I had now set up all the pins. Karma picked up her bowling ball.
The next night we ate dinner out. The following evening, as I pulled the raita from the fridge, its expiration date looming in my thoughts, I asked Alice, “Do you want your raita over lentils and rice?”
“Yeah,” she replied. “I guess.” This wasn’t the same girl who had been liquid yogurt’s head cheerleader less than forty-eight hours earlier. No worries, I told myself. She’ll come around once she gazes upon its pearlescent splendor. I heated the lentils and rice and poured some of the cool raita on the side of the plate, which I placed in front of my daughter. She set upon the rice and lentils like some kind of botanic predator. I waited; the raita remained untouched. In fact, if I had to give a sworn deposition, I would have said the raita was being avoided.

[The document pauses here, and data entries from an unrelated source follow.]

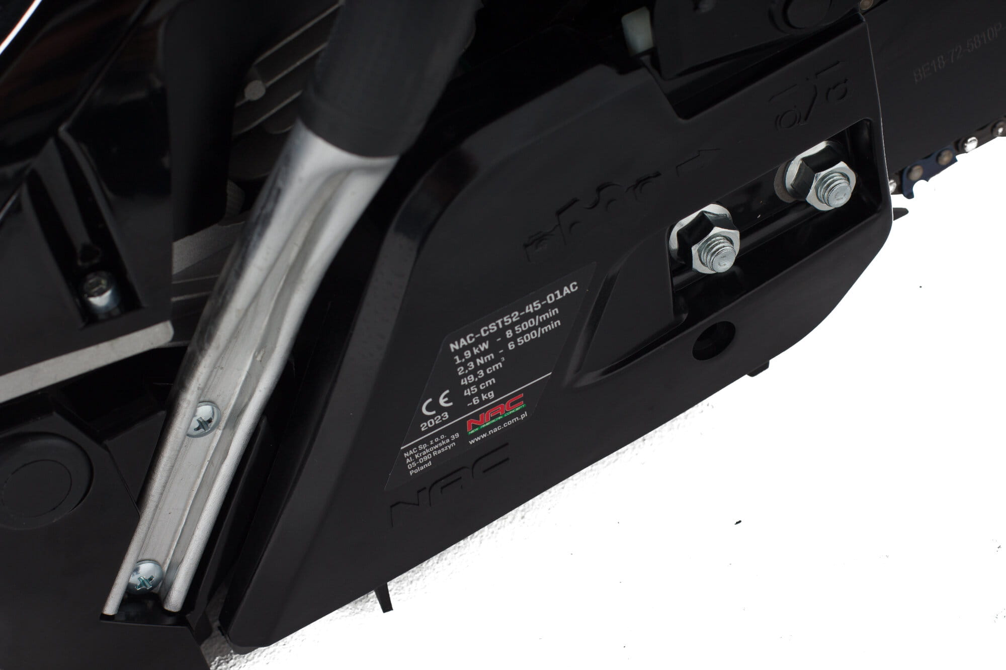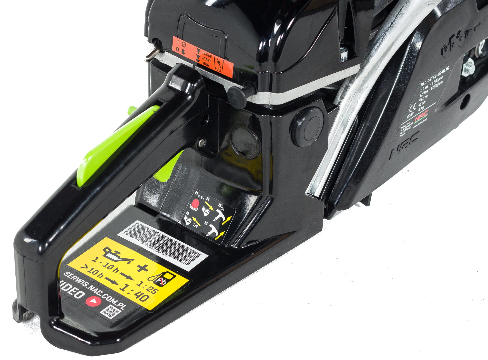 - Dodatkowe wyposażenie. W zestawie wraz z piłą spalinową NAC CST52-45-01AC kupujący otrzyma: prowadnicę łożyskową, wkrętak uniwersalny, a także klucz do świec z wkrętakiem.
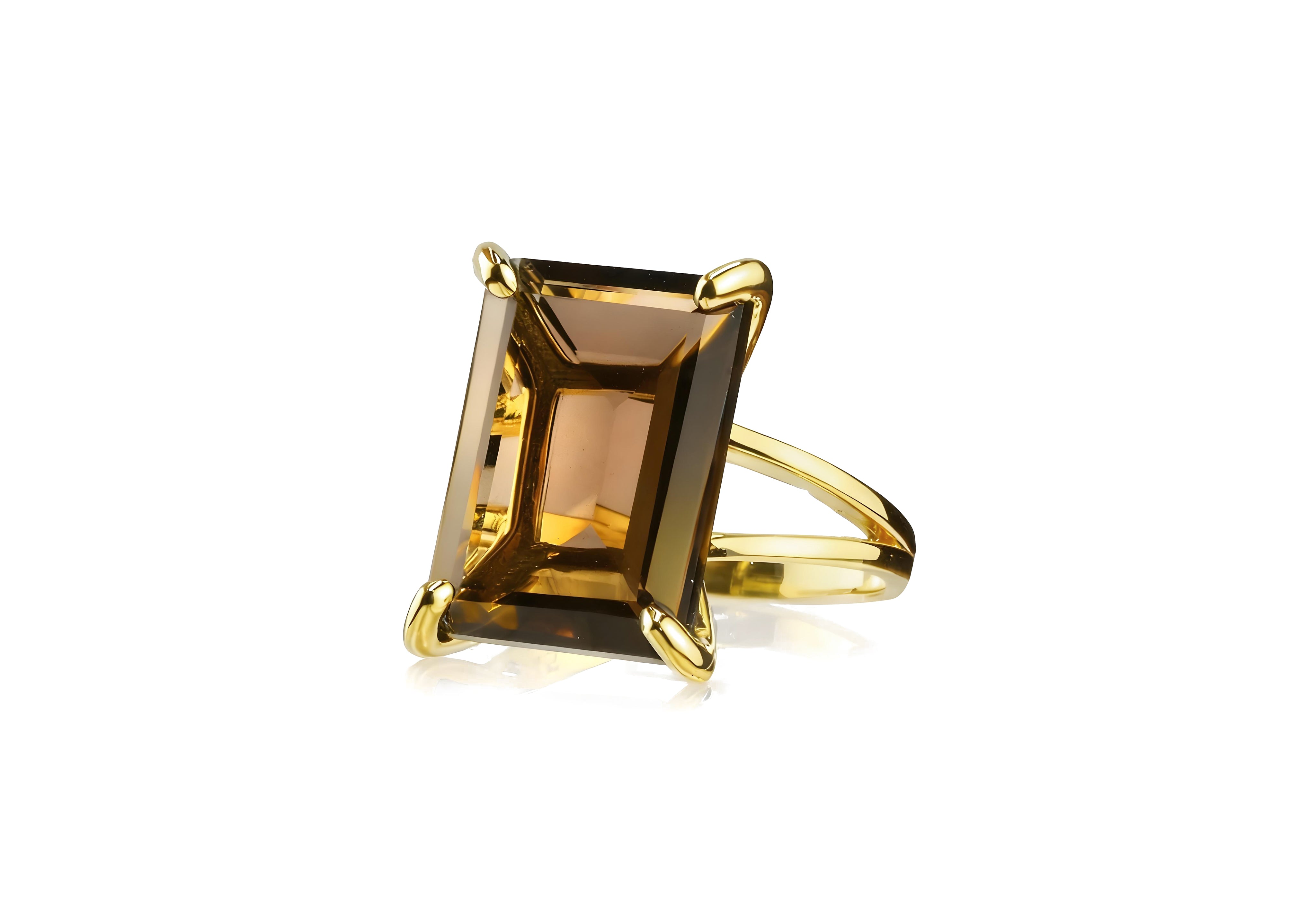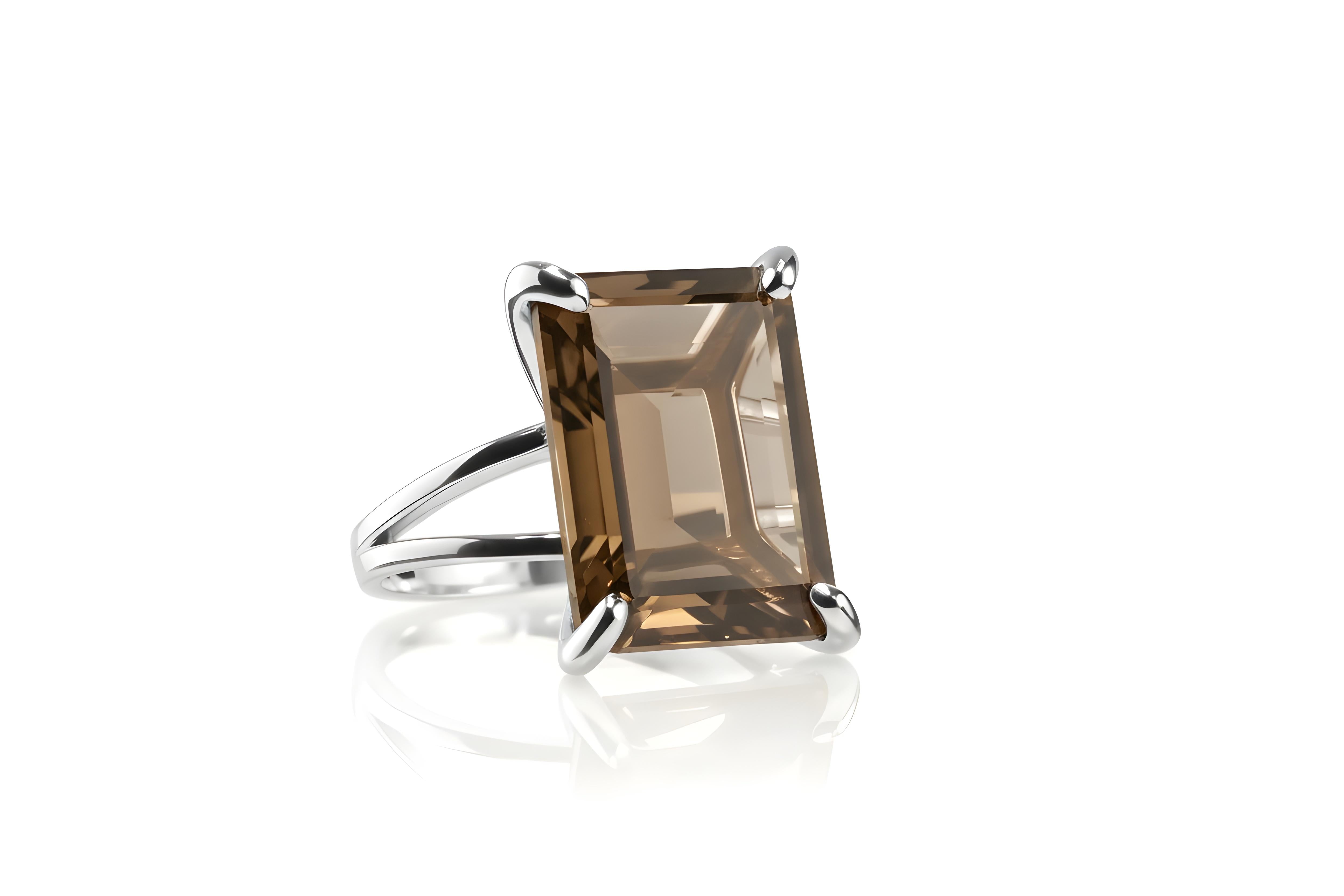 A striking rectangle-cut smoky quartz sits at the center of this 925 sterling silver statement ring. The warm brown gemstone pairs beautifully with the mirror-polished silver setting, creating a sophisticated contrast that elevates any look. Perfect for both everyday elegance and special occasions, this handmade semiprecious ring is a timeless addition to your collection.
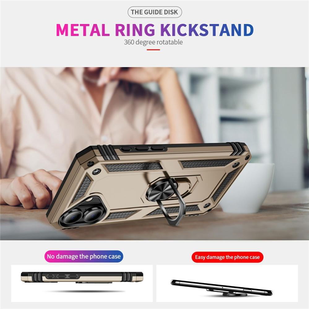 Den integrerade, 360° roterbara metallringen fungerar både som stativ och som grepp, och den inbyggda metallplattan gör skalet kompatibelt med magnetiska bilhållare. Precisa utskärningar och responsiva knappar ger smidig användning, samtidigt som skalet skyddar mot stötar, tapp och vardagligt slitage.

“Didn’t you notice? Raita. On your plate,” I said stupidly, as if the goop leaching into her rice was visible only to me. She moved a raita-dribbled grain of rice onto her fork and between her lips. She looked at me, her lip curled slightly. I barked, “What?” To which she said, “I’d like it if weren’t for the vegetables in it.”
I exhaled slowly through my teeth and said in my dangerously even tone, “It had the same vegetables in it when you couldn’t live without it two days ago. Just. Eat. It.”
She ate another grain of rice, which, possibly, had abutted a grain of rice that had touched the raita, and then she looked at me. “I’m full,” she announced. “You can have the rest.”